Domain-Specific Modeling and Analysis - Vorlesung
16 October 2025, Björn Annighöfer, Andreas Waldvogel
Organization
- Project: maybe start after the second hands-on (20.11.25)
- Groups of max. two people
- 50% of mark
- Short oral exam for other 50%
- Three parts:
- Modeling: create own dsm, purely discrete states
- Transformation: execute state machine and store execution history in model
- Visualization: diagram view of state machine
- Oral Exam:
- questions to project work and general lecture content
- Hands on: set up Eclipse and or Python IDE, see Email from ILS
Intro
A domain-specific problem: IMA configuration: A distributed computing platform for the aircraft systems sharing computer resources among system functions safety.

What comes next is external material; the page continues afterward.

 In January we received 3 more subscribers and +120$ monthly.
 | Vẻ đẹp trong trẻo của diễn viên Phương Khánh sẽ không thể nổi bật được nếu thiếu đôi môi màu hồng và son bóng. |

Challenge: millions of parameters needed putting modules into operation depending on the module type and position.
ILS is working on how to connect different domain specific models and enable collaborative engineering tasks, where the finished product are the verified parameters.

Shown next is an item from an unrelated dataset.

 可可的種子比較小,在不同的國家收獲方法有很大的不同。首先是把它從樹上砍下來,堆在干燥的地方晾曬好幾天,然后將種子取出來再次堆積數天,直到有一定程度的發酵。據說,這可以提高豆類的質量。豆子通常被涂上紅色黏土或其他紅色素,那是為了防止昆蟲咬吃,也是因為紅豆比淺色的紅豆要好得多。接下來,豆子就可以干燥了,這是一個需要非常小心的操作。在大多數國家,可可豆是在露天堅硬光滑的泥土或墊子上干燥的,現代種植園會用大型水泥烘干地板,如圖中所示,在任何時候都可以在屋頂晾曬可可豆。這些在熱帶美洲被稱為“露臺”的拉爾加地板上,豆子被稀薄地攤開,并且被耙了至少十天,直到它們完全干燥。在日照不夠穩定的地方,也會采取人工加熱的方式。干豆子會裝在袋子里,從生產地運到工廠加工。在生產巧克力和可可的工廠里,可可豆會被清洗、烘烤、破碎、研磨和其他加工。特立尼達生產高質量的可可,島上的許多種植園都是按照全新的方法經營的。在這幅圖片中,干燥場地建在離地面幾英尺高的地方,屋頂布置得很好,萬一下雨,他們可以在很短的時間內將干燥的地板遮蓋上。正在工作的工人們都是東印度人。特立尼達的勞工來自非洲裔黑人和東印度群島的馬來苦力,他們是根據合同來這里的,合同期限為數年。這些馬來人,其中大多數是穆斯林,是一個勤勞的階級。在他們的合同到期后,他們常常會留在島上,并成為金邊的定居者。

Goals: efficiency, automation, visualization, ambiguity reduction
Object-oriented thinking
- Model-based: models are used offline to specify, investigate, simulate or improve systems, architecture and behaviour
- Model-driven: models are used online to derive implementations, tests or behaviour - Model is essential for end product
Object-oriented programming
- Object
- real world object representation
- used like variable, contains more information
- Class
- blueprint for creating objects
- Instantiation
- creation of objects from class definitions
- Member variable
- variables that belong to object
- can be basic data types or objects
- Method
- functions that work only for the object type
- affect member variables like local variables
- Inheritance
- often objects have similar properties
- inheritance allows extended reuse of class definitions
- a class can inherit all members of a super class
- Interfaces and Abstract Classes
- class definitions that can not be instantiated
- interface has no implementation
- abstract classes can have implementations
- Polymorphism
- objects can inherit the same interface, but implement it differently
- Dynamic binding
- objects inheriting the same class or interface can be handled equally
- methods behaviour is resolved during run-time
- Overwriting
- already implemented methods or attributes can be overwritten
- Enumeration
- cutomized data types with only a discrete number of options
- setting values other than the specified one is not possible
- Class nesting
- a class definition may hold another local class definition
- "an aircraft has doors but not the other way around."
- Lambda Expressions and Generators
- short form of anonymous function
- function name, and other details can be ommitted
Alarm: self testing questions at the beginning of next lecture!